Başbakan Ahmet Davutoğlu, AB üyesi ülkelerin hükümet başkanları, AB Konseyi ve Komisyonu başkanları, ABD Başkanı Barack Obama, BM Genel Sekreteri Ban Ki-mun, Avrupa Konseyi Genel Sekreteri Thorbjorn Jagland, İslam İşbirliği Teşkilatı Genel Sekreterleri İyad bin Emin Madani ve BM Genel Kurul Başkanı Mogens Lykketoft'a mektup gönderdi.
Yıldız Aktaş'ın haberine göre; başbakanlık kaynaklarından edinilen bilgi baz alındığında, Başbakan Davutoğlu, göç veya sığınmacı krizi bağlamında farkındalığı arttırmak, bu krize ilişkin Türkiye'nin yaklaşımı ve çözüm önerilerini paylaşmak üzere, AB üyesi ülkelerin hükümet başkanlarına, AB Konseyi ve AB Komisyonu başkanlarına, ABD Başkanı'na, Birleşmiş Milletler, Avrupa Konseyi ve İslam İşbirliği Teşkilatının Genel Sekreterlerine ve BM Genel Kurul Başkanı'na mektuplar gönderdi.

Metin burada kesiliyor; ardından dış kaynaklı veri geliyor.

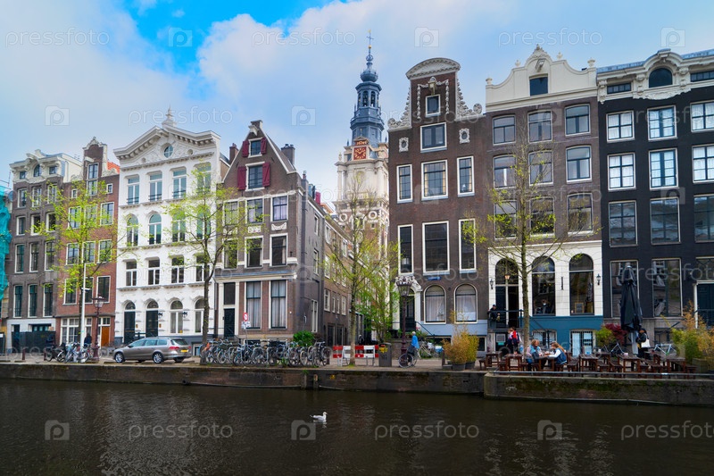 Фасады старых исторических домов и деревьев над водой канала, Амстердам, Нидерланды

Mektuplarda, İkinci Dünya Savaşı'ndan bu yana en büyük göç ve sığınmacı kriziyle karşı karşıya olunduğuna ve insani krizin büyüklüğünün küresel yaklaşımları gerekli kıldığına işaret edildi.

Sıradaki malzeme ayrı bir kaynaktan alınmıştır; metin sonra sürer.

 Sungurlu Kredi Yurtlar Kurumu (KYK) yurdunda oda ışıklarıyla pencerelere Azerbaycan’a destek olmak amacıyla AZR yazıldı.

Birleşmiş Milletler Mülteciler Yüksek Komiserliğine göre dünyada en fazla Suriyeliye ev sahipliği yapan ülke konumunda bulunan Türkiye'nin, Suriyelilere yönelik, din ve etnik köken ayrımı gözetmeksizin 'açık kapı politikası' izlemeye devam ettiğinin altı çizilen mektuplarda, bugüne kadar Suriyeler için yapılan harcamaların (8 milyar dolara yakın) yanında uluslararası toplumun katkısının çok cüzi miktarda (417 milyon dolar) kaldığına dikkat çekildi.
Durumun artık sürdürülebilir olmadığı belirtilen mektuplarda, ülkelerine dönme ümidini giderek yitirmeye başlayan ve mevcut göç veya sığınmacı krizinin temelini oluşturan Suriyeliler için Türkiye'nin elinden gelen tüm çabayı gösterdiği ifade edildi.
Türkiye'nin 2015 yılı başından bu yana 56 bine yakın düzensiz göçmeni denizden kurtardığı, göç veya sığınmacı krizine karşı üzerine düşen sorumluğu fazlasıyla yerine getirdiği belirtilen mektuplarda ancak mevcut krizin tek bir ülkenin sadece kendi imkanlarıyla çözebileceği boyutların çok ötesine geçtiğine dikkat çekildi.
Mektuplarda uluslararası toplumun insani krize karşı harekete geçmesinin gereklik arz ettiği vurgulandı ve göçte hedef ülkeler daha fazla sayıda sığınmacı kabul etmeye davet edildi.